A Quantitative Framework to Predict Wait-Time Impacts Due to AI-Triage Devices in a Multi-AI, Multi-Disease Workflow
Michelle Mastrianni, Rucha Deshpande, Frank W. Samuelson, Yee Lam Elim Thompson
TL;DR
multi-QuCAD addresses how deploying multiple AI-triage devices affects radiologist wait-times across disease conditions. It combines a queueing-theory–based analytical framework with a simulation tool to quantify wait-time savings for target conditions and delays for non-targeted ones, under preemptive-resume and non-preemptive scheduling with priority and hierarchical protocols. The key contributions are the extended theoretical models, the simulation platform, and four brain-imaging experiments including a 4-AI, 9-disease scenario, revealing trade-offs and providing a practical tool for planning AI deployments. The work highlights the need to balance time-savings for AI-targeted diseases against potential delays for other urgent conditions, with implications for safety, equity, and operational efficiency in radiology departments.
Abstract
The deployment of multiple AI-triage devices in radiology departments has grown rapidly, yet the cumulative impact on patient wait-times across different disease conditions remains poorly understood.
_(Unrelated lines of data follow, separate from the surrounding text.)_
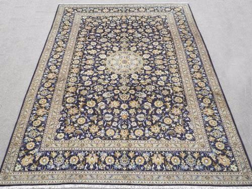 HIGH QUALITY PIECE OF ART PERSIAN KASHAN RUG 9.0 X 13.1 feet. MADE OF FINE QUALITY LAMB'S WOOL PILE ON COTTON FOUNDATION, ALL NATURAL VEGETABLE DYE, THE BEAUTIFUL RUG INCORPORATES A DETAILED FLORAL DESIGN ON A NAVY BACKGROUND AND A CENTRAL MEDALLION BY AN INTRICATELY DONE FLORAL MULTILAYERED BORDER.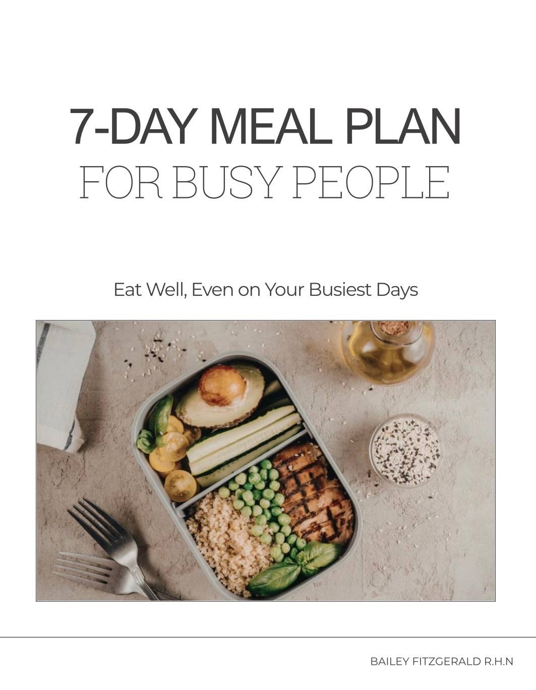 Fuel your week with ease! This 7-day meal plan is designed for busy people who want healthy, balanced meals without the stress. Each day includes 3 main meals and 2 snack options, complete with recipes, a grocery list, meal prep tips, and a portion guide to save time and simplify planning. It makes nutrient-dense eating practical and manageable while supporting overall health.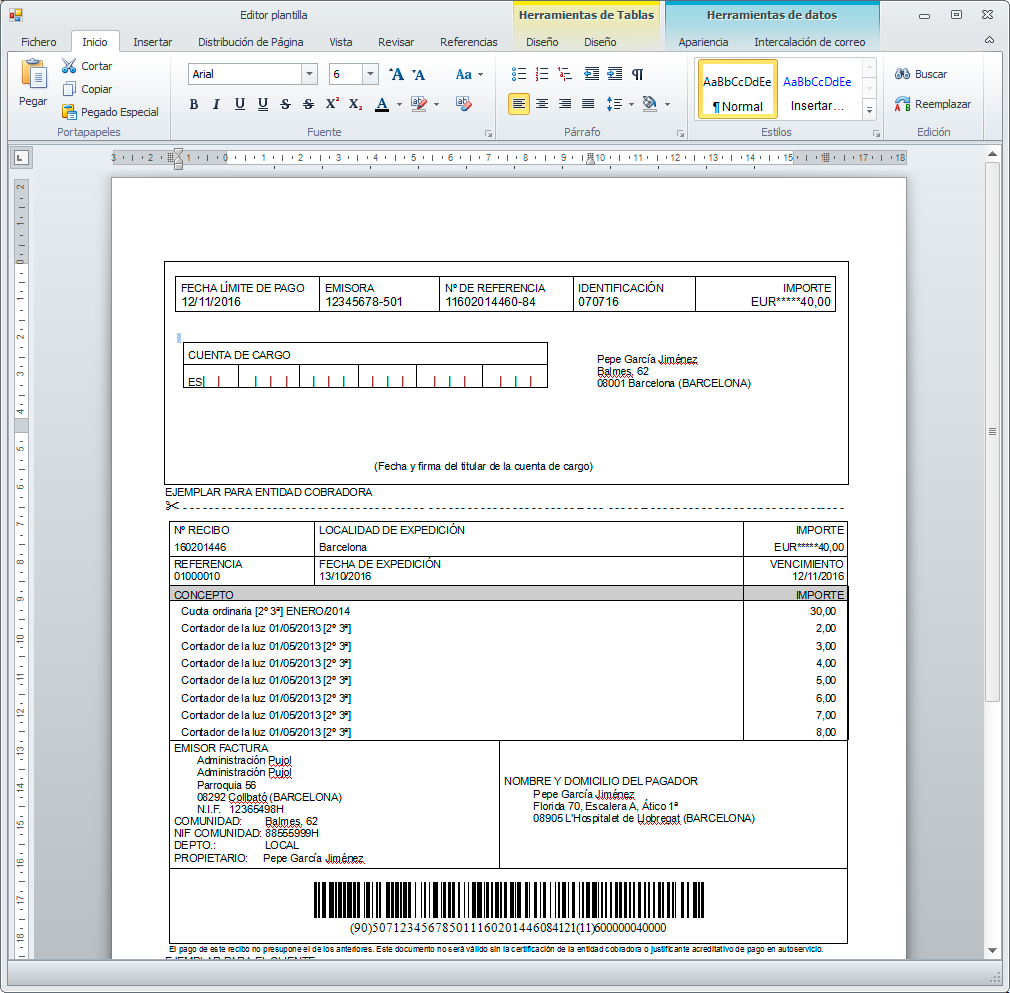 A continuación se explica el funcionamiento de cada una de las opciones del programa implicadas en el funcionamiento de este método de cobro.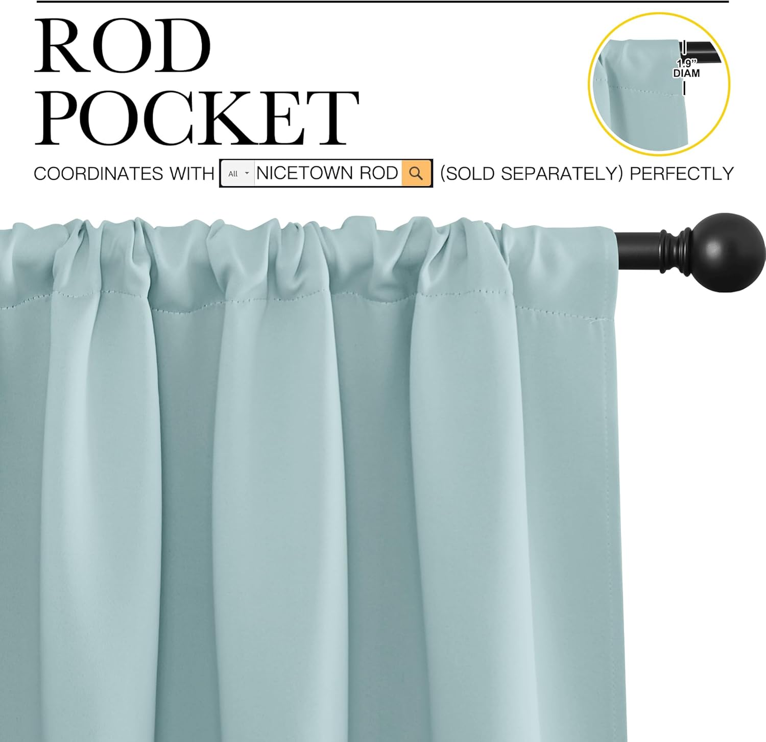 ELEGANT DESIGN: 2 panels per package. Each Blackout Curtain Panel measures 42 inches wide x 63 inches long. The NICETOWN drapery is constructed with rod pocket, fitting the curtain rod of your choice up to 2 inches in diameter, making the curtains easy to install and slide.

This research develops a comprehensive mathematical and simulation framework to quantify wait-time trade-offs when multiple AI-triage devices operate simultaneously in a clinical workflow. We created multi-QuCAD, a software tool that models complex multi-AI, multi-disease scenarios using queueing theory principles, incorporating realistic clinical parameters including disease prevalence rates, radiologist reading times, and AI performance characteristics from FDA-cleared devices. The framework was verified through four experimental scenarios ranging from simple two-disease workflows to complex nine-disease systems, comparing preemptive versus non-preemptive scheduling disciplines and priority versus hierarchical triage protocols. Analysis of brain imaging workflows demonstrated that while AI-triage devices significantly reduce wait-times for target conditions, they can substantially delay diagnosis of non-targeted, yet urgent conditions. The study revealed that hierarchical protocol generally provides more wait-time savings for the highest-priority conditions compared to the priority protocol, though at the expense of more delays to lower-priority patients with other time-sensitive conditions. The quantitative framework presented provides essential insights for orchestrating multi-AI deployments to maximize overall patient time-saving benefits while minimizing unintended delay for other important patient populations.